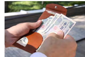
独自構造によりお札が取り出しやすい

休日のラフスタイルからビジネスシーンまで、ジーンズのポケットでも、スーツやワイシャツの胸ポケットでも、その薄さもたらす快適な使い心地が、あなたのライフスタイルの質を変えてくれます。小銭を持たないスマートライフのマストアイテム。
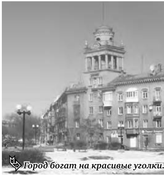
Город богат на красивые уголки.

Между тем сегодня в городе проводятся общественные слушания по обсуждению проекта Правил благоустройства и озеленения Магнитогорска. В этих Правилах впервые появился пункт, который гласит: «Изменения фасадов зданий, связанные с ликвидацией или изменением отдельных деталей, а также устройством новых и реконструкция существующих оконных и дверных проемов, выходящих на главный фасад, следует производить по согласованию с администрацией города». Именно этого, как утверждает главный архитектор города, они давно добивались. С принятием Правил, наконец-то, «самодеятельность» некоторых лиц можно будет свести на нет. Тем более что и Федеральный Закон «Об основах федеральной жилищной
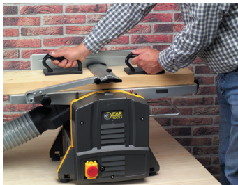
Fonction dégauchissage Thicknesser function

Livrée avec son support et 2 patins poignées de sécurité Delivered with its support and 2 security pads
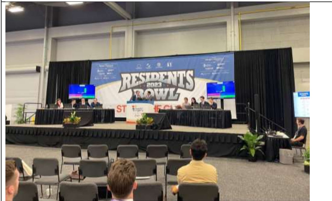
住院醫師交流競賽 Resident Bowl 之決賽與冠軍賽，最終由俄亥俄州立大學擊敗史丹佛大學奪下二連霸。
________________________
◆ **Work item**: For this exercise, set down exactly the lines that run from the line holding "Livrée avec son" to the last line of the records above; include both end lines and omit pictures.

◆ **Task result**:
Livrée avec son support et 2 patins poignées de sécurité Delivered with its support and 2 security pads
住院醫師交流競賽 Resident Bowl 之決賽與冠軍賽，最終由俄亥俄州立大學擊敗史丹佛大學奪下二連霸。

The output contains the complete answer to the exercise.